Accuracy and CPU time comparison for partitioned SSRS* (AMZ)

Iterative Error.

Finally, we evaluate the effects of number of iterations k on the iterative error of RS*. The error is measured by difference 𝜖k between k-th iterative score sk(∗,∗) and exact one s(∗,∗). We only report the results for a pair of nodes on DBLP since the trends for other pairs and on other datasets are similar. For any pair of nodes on DBLP, we fix damping factor β, and vary k from 1 to 15.

Figure 20 depicts how k-th iterative error 𝜖k changes with k. It is discerned that, for any given damping factor β, 𝜖k exponentially decreases to 0 as k grows. The larger damping factor β will cause a shift outward in the accuracy curve, thereby exhibiting the slower convergence rate of RoleSim* iterations. In addition, at each iteration k, it is noticed that small settings of damping factor β will lead to small iterative error of RoleSim*. These agree well with our theoretical bound \(k = \lceil \log _{\beta } \epsilon _k \rceil \) in Theorem 4 for RoleSim* accuracy analysis.

Fig. 20
figure 20

Effect of (k,β) on 𝜖k

The actual and the estimated error bound value for β = 0.6 and β = 0.8 per iteration are illustrated in Table 3, which shows that, for each iteration, the computed actual error bounds are completely compatible with the theoretical estimated error bounds.
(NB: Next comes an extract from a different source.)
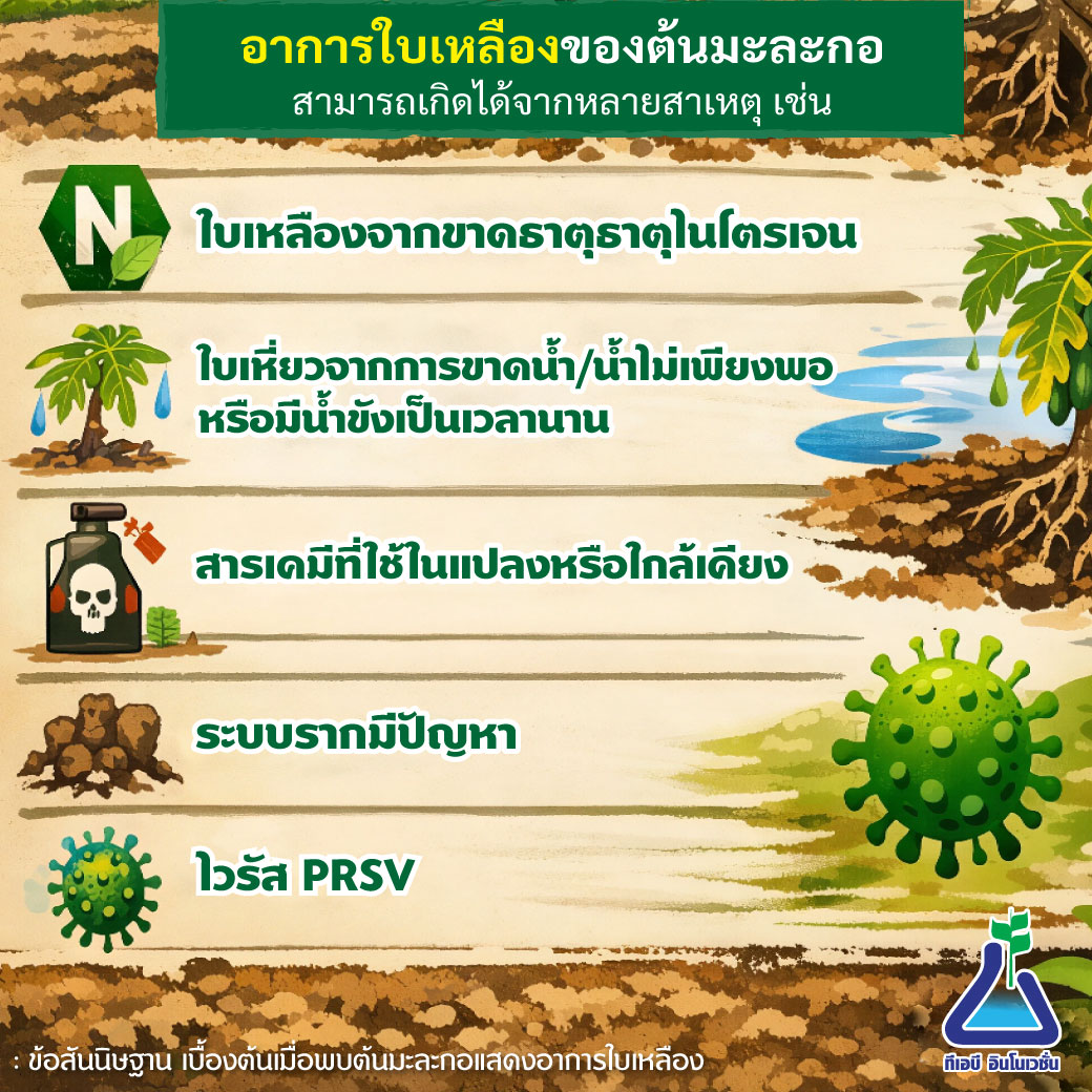 ต้นมะละกอที่แสดงอาการใบเหลืองนั้น มีด้วยกันหลายสาเหตุ ตัวอย่างเช่น
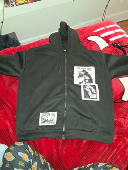 Mostly Black Hoodie With Writing On The Sleeves $10Chicago, IL

Table 3 Actual & Estimated Error

9 Conclusions

We propose RoleSim*, a novel similarity model that guarantees automorphic equivalence while considering neighboring similarity information beyond automorphically equivalent sets, thereby achieving better performance than both SimRank and RoleSim. We prove the existence and uniqueness of the RoleSim* solution, show that iteratively computing RoleSim* is bounded, and induce a RoleSim* distance obeying sum-transitivity of similarity scores. We also propose a threshold-based RoleSim* model to prune a number of pairs with tiny similarity values, which enables a further speedup with guaranteed accuracy. Moreover, we propose an efficient single-source Rolesim* algorithm that scales well on large graphs with billions of edges. Taking advantage of the “triangular inequality” property of RoleSim*, we also introduce a partitioning-based strategy to scale RoleSim* on large graphs. Finally, we evaluate our model on different real datasets to demonstrate its superior ranking quality, fast speed, and high scalability against state-of-the-art competitors.